The crash is caused by wrong codegen for the toString() method. Here's a comparison of a toString() method for a struct vs. for a union:
Struct code:
--------
struct Jack
{
float f;
int i;
string toString()
{
string s;
return s;
}
}
--------
Generated assembly for Jack.toString:
--------
447dc: 55 push %rbp
447dd: 48 8b ec mov %rsp,%rbp
447e0: 31 c0 xor %eax,%eax
447e2: 31 d2 xor %edx,%edx
447e4: 5d pop %rbp
447e5: c3 retq
--------
As can be easily seen, this basically initializes the string s to have .ptr=null, .length=0, returned by value in %eax and %edx. This is the correct behaviour.
Union code (basically the same as the struct code, just change 'struct' to 'union'):
--------
union Jack
{
float f;
int i;
string toString()
{
string s;
return s;
}
}
--------
Generated assembly for Jack.toString:
--------
4471c: 55 push %rbp
4471d: 48 8b ec mov %rsp,%rbp
44720: 48 83 ec 10 sub $0x10,%rsp
44724: 48 8b 55 f8 mov -0x8(%rbp),%rdx
44728: 48 8b 45 f0 mov -0x10(%rbp),%rax
4472c: c9 leaveq
4472d: c3 retq
--------
Here, the 'sub' line appears to be allocating space on the stack for a local variable, presumeably s. But then it fails to initialize s before loading it into the return registers %rdx and %rax. I'm assuming that this is probably why the allocation of the local variable never got elided, as it was in the struct case -- the optimizer doesn't see the missing initialization of s, so it cannot elide the loads from the stack.

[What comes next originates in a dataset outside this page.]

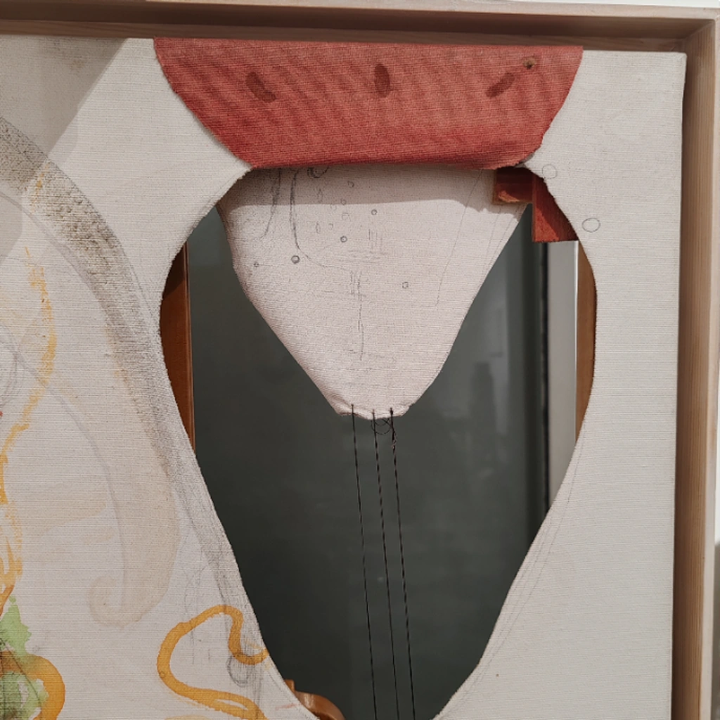 Created using mixed media, this work presents an intriguing balance of rich golden tones, muted pastels, and deep contrasts, resulting in a visually dynamic and thought-provoking piece.

So it looks like the bug is caused by failure to initialize s when generating code for a union vs. a struct. Why, though, is a mystery to me, since toString never actually references `this`, so in theory whether `this` is a struct or union shouldn't matter.
Comment #2 by hsteoh — 2018-01-12T18:25:07Z
Note also, the name `toString` is irrelevant to this bug. The same codegen bug appears if you rename the method to something else, like 'member'.
Furthermore, the local variable doesn't have to be a string; any local variable without an initializer would also exhibit the same missing initialization, it doesn't initialize the local to .init, as it should.
Comment #3 by hsteoh — 2018-01-12T18:41:05Z
Minimized code:
------
union U {
int method() {
int x;
return x;
}
}
------
The disassembly shows that x is never initialized to 0, and a garbage value is returned.
Comment #4 by hsteoh — 2018-01-12T19:44:19Z
More interesting clues: running a union method inside CTFE containing a local variable without an explicit initializer causes a CTFE error "cannot modify variable at compile time", whereas explicitly initializing the local variable works.
------
union U {
int method() {
int x; // causes CTFE failure unless explicitly initialized
return x;
}
}
enum y = U.init.method();
------